The modeling is the most complex step of the data mining process and it requires the largest knowledge as well. In essence, we solve here, after suitable preparation, the data mining task. The typical data mining tasks can be divided into two groups. The first group is known as supervised data mining and supervised training. In this case, there is an attribute with a special role in the dataset which is called target. The target variable should be indicated in the used data mining software. Our task then is to describe this target variables by using the other variables as well as we can. The second group is known as unsupervised data mining or unsupervised learning. In this case, there is no special attributes in the analyzed dataset, where we want to explore hidden patterns. Within the data mining, 6 task types can be defined, from which the classification and the regression are supervised data mining and the segmentation, association, sequential analysis, and anomaly detection are unsupervised data mining.

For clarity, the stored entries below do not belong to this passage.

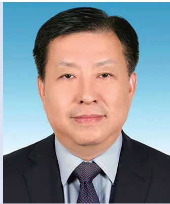
敦請 江蘇省方偉副省長蒞臨主禮

日期：2023年10月15日 時間：下午3點 地址：澳門大學崇文樓（E34） 主辦單位：江蘇省海外聯誼會 蘇州海外聯誼會 澳門大學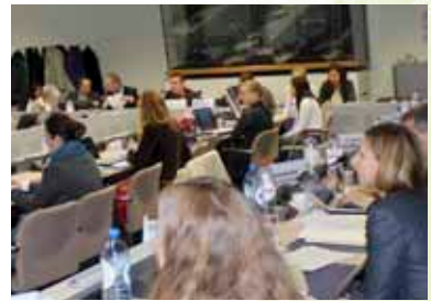
Előkészületben az új uniós feltételrendszerek

Az ágymatrac feltételrendszert ugyancsak a JRC kollégája ismertette, amelyben a gyulladásgátlók és a poliuretán összetevő izocianát hányada bizonyult a két kardinális kérdésnek.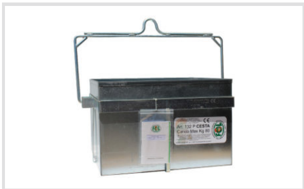
Art. 23001 Cesta Media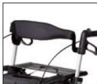
// 9012220 & 9012221 (2)(3) Dossier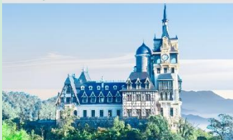
ปราสาทตามด้าว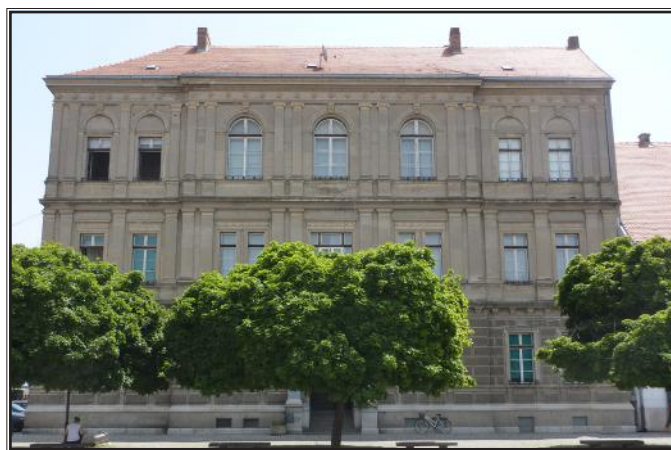
Zgrada Velike gimnazije od 1882. godine (danas Ekonomska i upravna škola)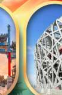
ผ่านชมสนามกีฬาาริงนก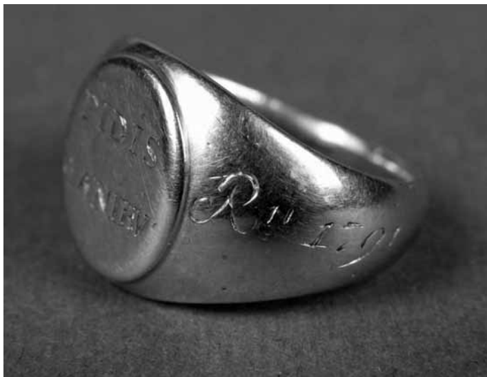
2. Pierścień Fidis Manibus z czasów Konstytucji 3 Maja, 1791 rok, wykonany w złocie, grawerowany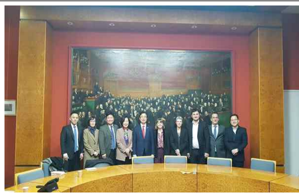
파리 시청 방문 - 파리 부시장 면담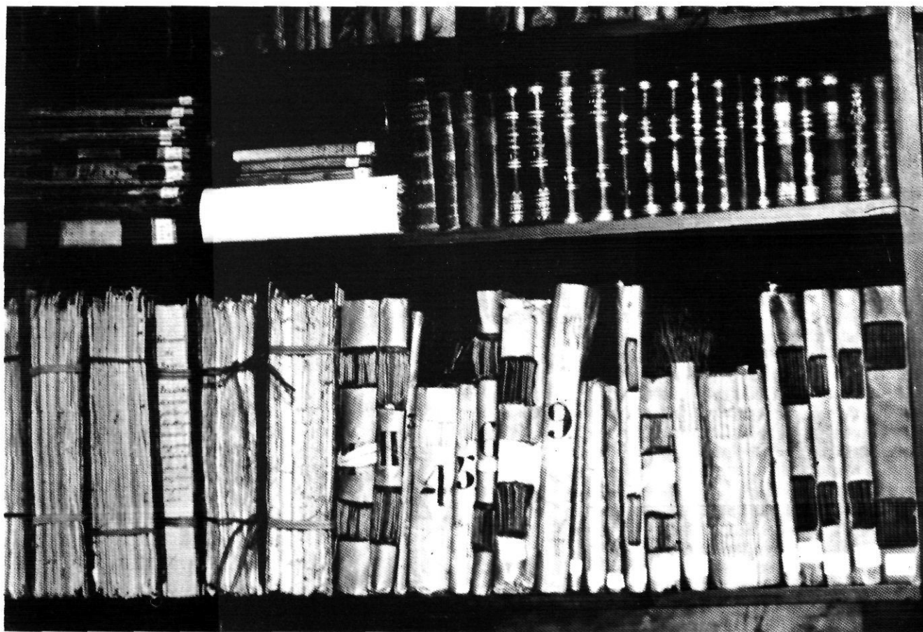
La documentació acostuma a estar dipositada a la biblioteca familiar...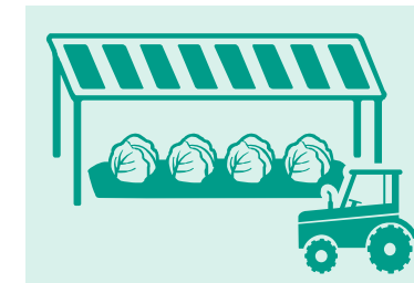
営農型太陽光（ソーラーシェアリング）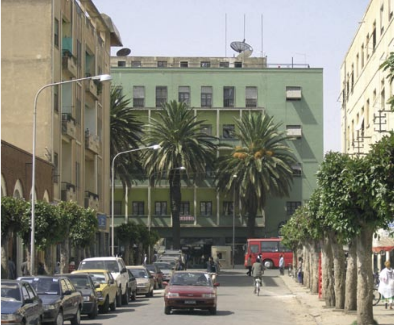
Forretninger og boliger. Arkitekt: Arturo Mezzedimi, 1956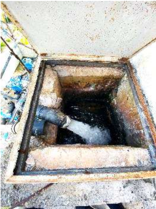
Puseta e kontrollit te depos se ujit dhe tubi I furnizimit nga puset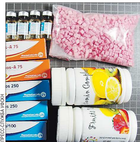
Изъяты «взбодрители» уже никому не пригодятся

Сотрудниками областного управления госнаркоконтроля пресечён почтовый канал распространения анаболических стероидов по области и в другие города России. По информации пресс-службы управления, в ходе спецоперации задержаны двое мужчин 1990 года рождения. Получая денежные переводы через банк, молодые люди отправляли своим заказчикам анаболические стероиды в обычных почтовых посылках и бандеролях. Один из злоумышленников выполнял функции организатора поставок действующих веществ (СДВ). Эти вещества (а также 80 тысяч рублей, 2 300 долларов, пять сотовых телефонов и I-Pad) были обнаружены и изъяты в его екатеринбургской квартире во время задержания. Его поодельник занимался распространением «товара». По версии областного УФСКН, три посылки с анаболиками он оформил в одном из почтовых отделений Первоуральска. В ходе его личного досмотра обнаружены и изъяты ещё не отправленные заказчиком четыре полимерных почтовых конверта с таблетками и 15 ёмкостями с жидкостью. По предварительной оценке, общий вес изъятых из незаконного оборота СДВ составил около 80 кг. В отношении задержанных возбуждено уголовное дело.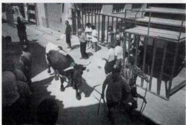
Bous de Vila. Entrada.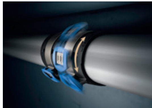
↑ Door de draaibare fitting kan in elke positie geperst worden.

↑ Zelfs op zeer smalle of moeilijk bereikbare plaatsen is een veilige installatie gegarandeerd. De comfortabele werkhouding door de draaibare fitting en het ontbreken van perskettingen maakt het werken boven het hoofd ook bij grote afmetingen gemakkelijker.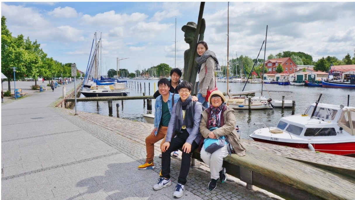
Kulturprogramm: Koreanische Gäste in Wick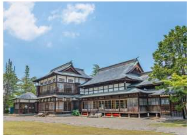
VISIT YUESUGI SHRINE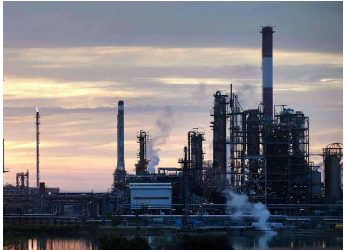
No hay estimaciones fiables alrededor del precio del crudo.

Dicho de otra manera, nos encontramos ante la paradoja de que Irán y EE.UU se encuentran reunidos en una mesa de negociaciones en materia nuclear, mientras se encuentran enfrentados en un "área de influencia en disputa" en Yemen. Dicha si-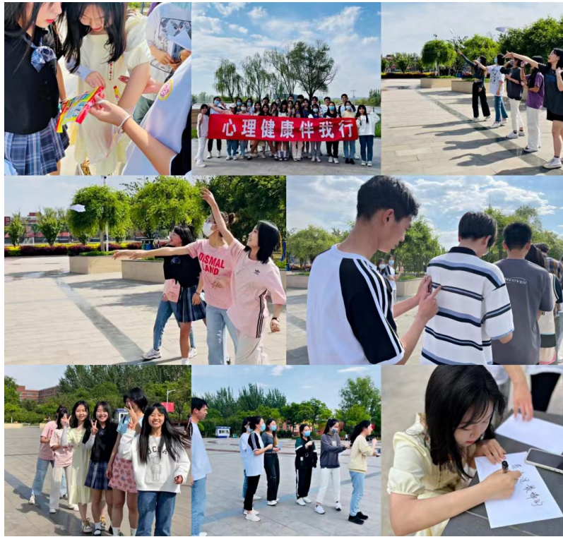
2105 班心理健康伴我行—心理健康主题班会活动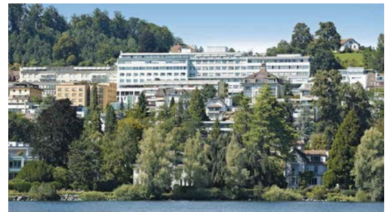
Die Klinik St. Anna wird „universitär“.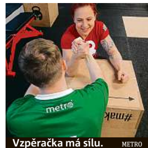
Vzpěračka má sílu.

Arena ale v žádném případě není jen pro zkušené sportovce. Zamakat tu mohou i začátečníci či třeba školáci. „Děti rozhýbáváme, učíme je spolupráci, děláme kotouly a úplně nejvíc si hrajeme,“ usmívá se Kladivová. Jedním dechem dodává, že často už i u dětí musí řešit poruchy pohybového systému. MAREK HÝŘ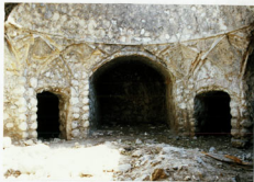
حمام نهبلیان - ایوان و اتاقهای مجاور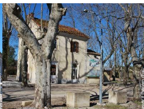
vista sul villaggio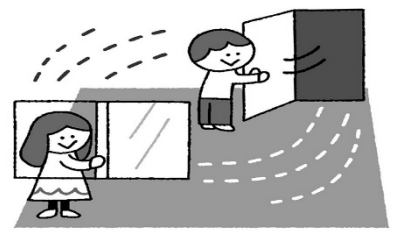
換気しよう、家でも学校でも! 部屋の空気が汚れる前に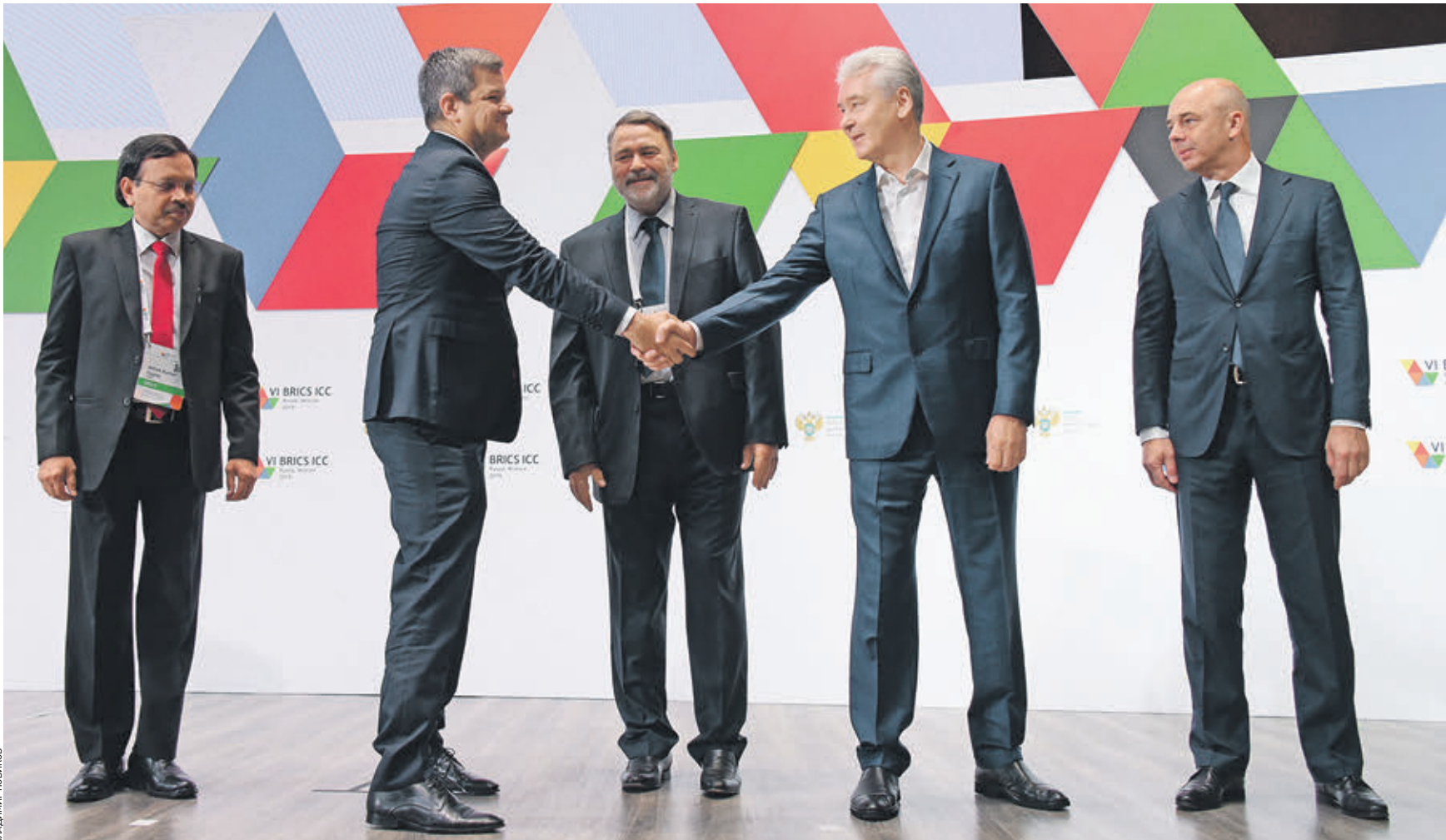
Вчера 10:07 Участники VI Конференции по конкуренции под эгидой БРИКС (слева направо): руководитель комиссии по конкуренции Индии Ашок Кумар Гупта, президент Административного совета по экономической защите Бразилии Александре Баррето де Соуза, руководитель Федеральной антимонопольной службы РФ Игорь Артемьев, мэр Москвы Сергей Собянин и первый заместитель председателя правительства России, министр финансов Антон Силуанов на церемонии открытия

Необходимо развитие Москва является конкурентной площадкой, насыщенной инфраструктурой, кадрами, материальными, финансовыми ресурсами. Сергей Собянин отметил, что в странах БРИКС мегаполисы являются драйверами экономики, науки, образования. — В ближайшие годы крупнейшие города мира будут обеспечивать половину валового экономического продукта — это требует развития городов, серьезного осмысления, — сказал мэр Москвы. Глава города поблагодарил руководителя Федеральной антимонопольной службы России Игоря Артемьева за вклад в создание современного законодательства в об-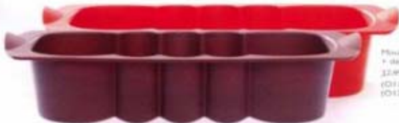
Moule à cake + dépliant recettes 31,95 € - 28,15 € (ID11) chocolat (ID12) rouge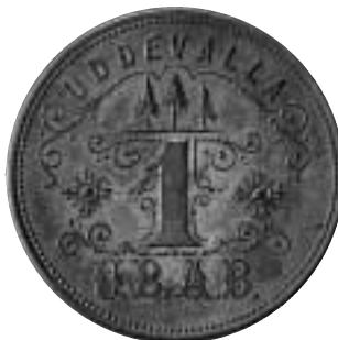
Pollett från Uddevalla.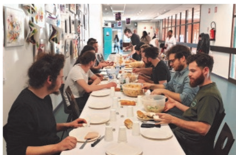
Repas convivial avant les qualifications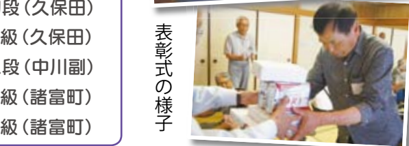
おめでとうございます!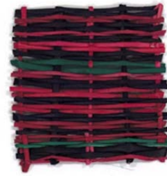
ภาพที่ 6 ตัวอย่างจากรองแก้ว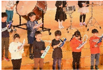
2年生 音楽 「リズムに乗って元気よく!」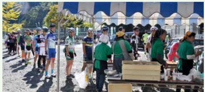
▲ 村からおもてなしに、長蛇の列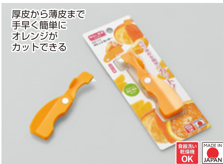
AOC-714 61791091002 味わい食房 オレンジカッター

小売価格 450円 ●入数: 60 (10×6) ●JANコード: 4962336613223 ●材質: カッター刃/ステンレス刃物鋼、本体/ポリプロピレン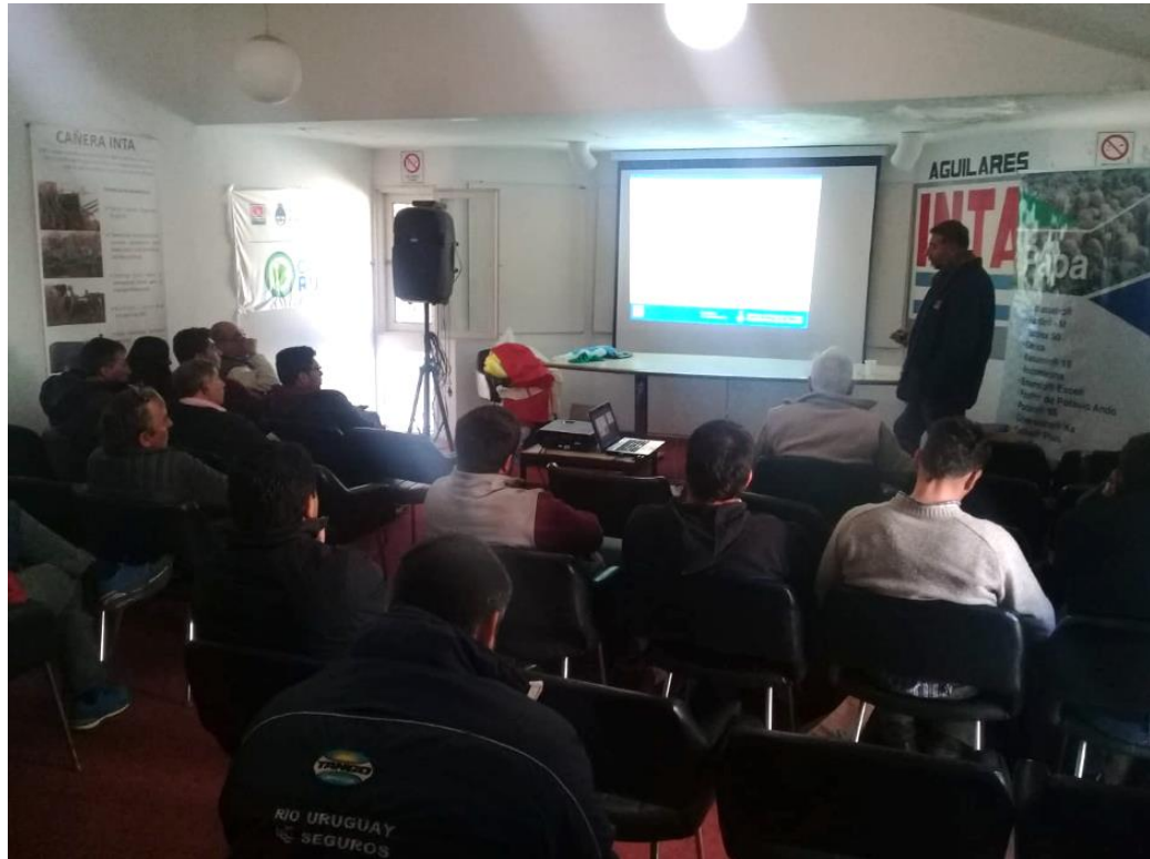
Fotografía 5. Taller Argentina. Capacitación teórica en BPA en Tucumán.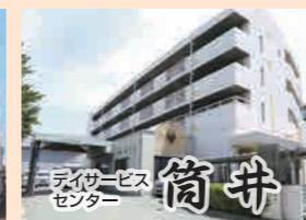
名古屋市東区筒井1丁目2-1-1 TEL 052-938-0065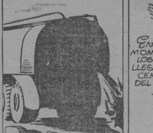
EN AQUEL MOMENTO LOS TANQUES LLEGABAN AL CENTRO DEL PASO.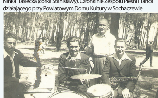
Zespół Klusków podczas potańcówki w Gawłowie, roku 1939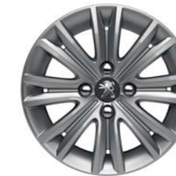
JANTE ALUMINIUM 15" HARVEY *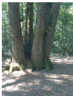
Les 6 chênes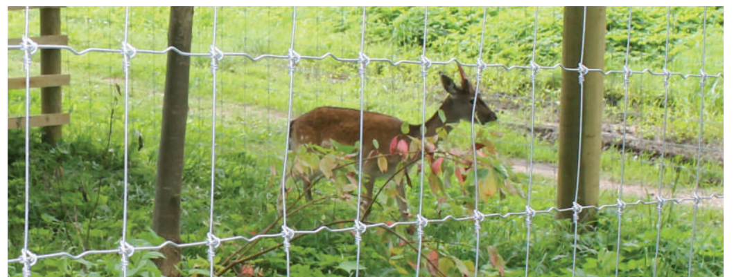
Lankytojams jau pasirodė pirmasis elnias.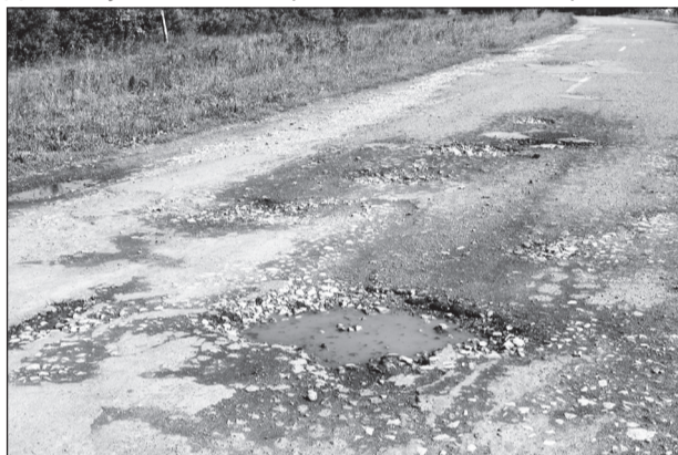
● Участок дороги «Лоба – Испуханы – Кумаркино», оставшийся без ремонта.

Кроме того, всплыл ещё один любопытный факт. Данный участок автодороги в бытность своей работы в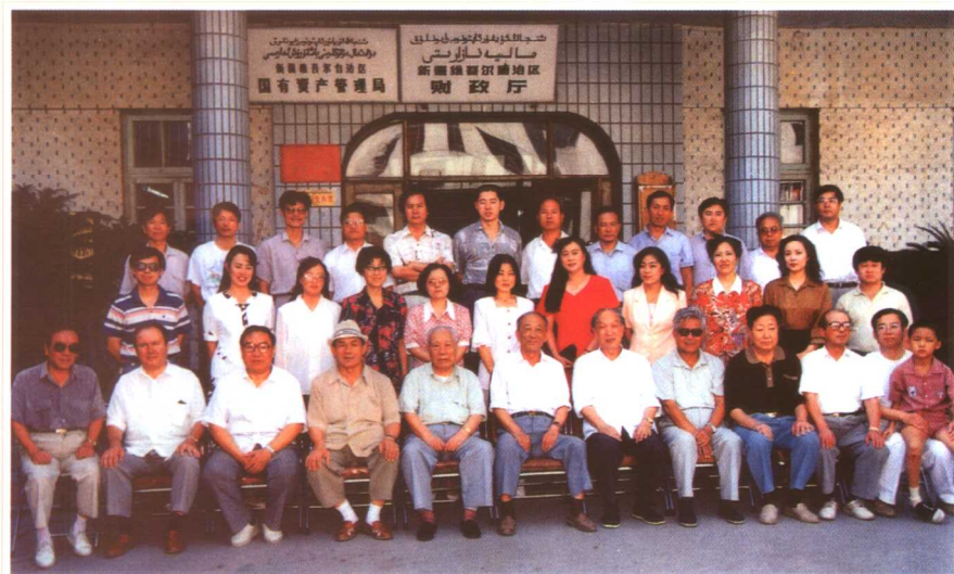
在新疆自治区调研少数民族财经问题(1995)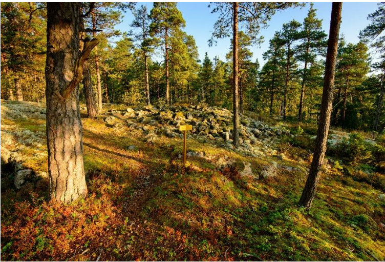
Siuntio Krejansberget 2. Pronssikautinen hautaröykkiö, joka sijaitsee korkean kallion päällä. Vesa Laulumaa 2014, AKDG3997:2, Museovirasto.

Pronssikausi on edustettuna VARK-kohteissa useilla aikakaudelle tyypillisillä kookkailla hautaröykkiöillä, joita löytyy korkeiden kallioiden päältä koko Uudenmaan rannikolta. Rautakauden alussa Uusimaa eriytyy kahteen erilaiseen alueeseen. Länsiosassa on runsaasti esiroomalaiselle ja roomalaiselle rautakaudelle (500 eaa. – 400 jaa.) sekä keskirautakaudelle (kansainvaellus- ja merovingiaika, 400–600 jaa.) ajoittuvia asuinpaikkoja ja hautauksia kuten tarhakalmistoja, röykkiöitä, polttokenttäkalmistoja. Karjaalla on useita yksittäisiä merkittäviä rautakauden kohteita (esimerkiksi Kroggårdsmalmen ja Hönsåkerskullen) ja Karjaan Lepinjärven kohteista muodostuu poikkeuksellisen hieno kokonaisuus. Uudenmaan länsiosaan verrattuna keskisen ja itäisen Uudenmaan varhais- ja keskirautakauden kohdemäärä on pieni. Itäisen Uudenmaan tunnetuin tämän aikakauden kohde on Porvoo Pikku Linnamäen roomalaisaikainen ruumis- ja polttohautauksia sisältänyt kalmisto.

The assessing of the results is the last step in the data mining process, which objective is to decide whether truly relevant and useful knowledge is reached by the data mining process. Namely, it often happens that such model is produced by the improper use of the data mining which has weak generalization ability and the model works very poorly on new data. This is the so-called overfitting. In order to avoid the overfitting we should lean on the training, validating, and testing dataset. At this step, we can also compare our fitted models if there are more than one. In the comparison various measurements, e.g., misclassification rate, mean square error, and graphical tools, e.g., lift curve, ROC curve, can be used.

This electronic curriculum aims at providing an introduction to data mining applications, so that it shows these applications in practice through the use of data mining softwares. Problems requiring data mining can be encountered in many fields of life. Some of these are listed below, datasets used in the course material also came from these areas.

How to use this material

The RapidMiner and SAS® Enterprise Miner™ workflows presented in this course material are contained in the file resources/workflows.zip.

Fontos

Data files used in the experiments must be downloaded by the user from the location specified in the text. After importing a workflow file paths must be set to point to the local copies of data files (absolute paths are required).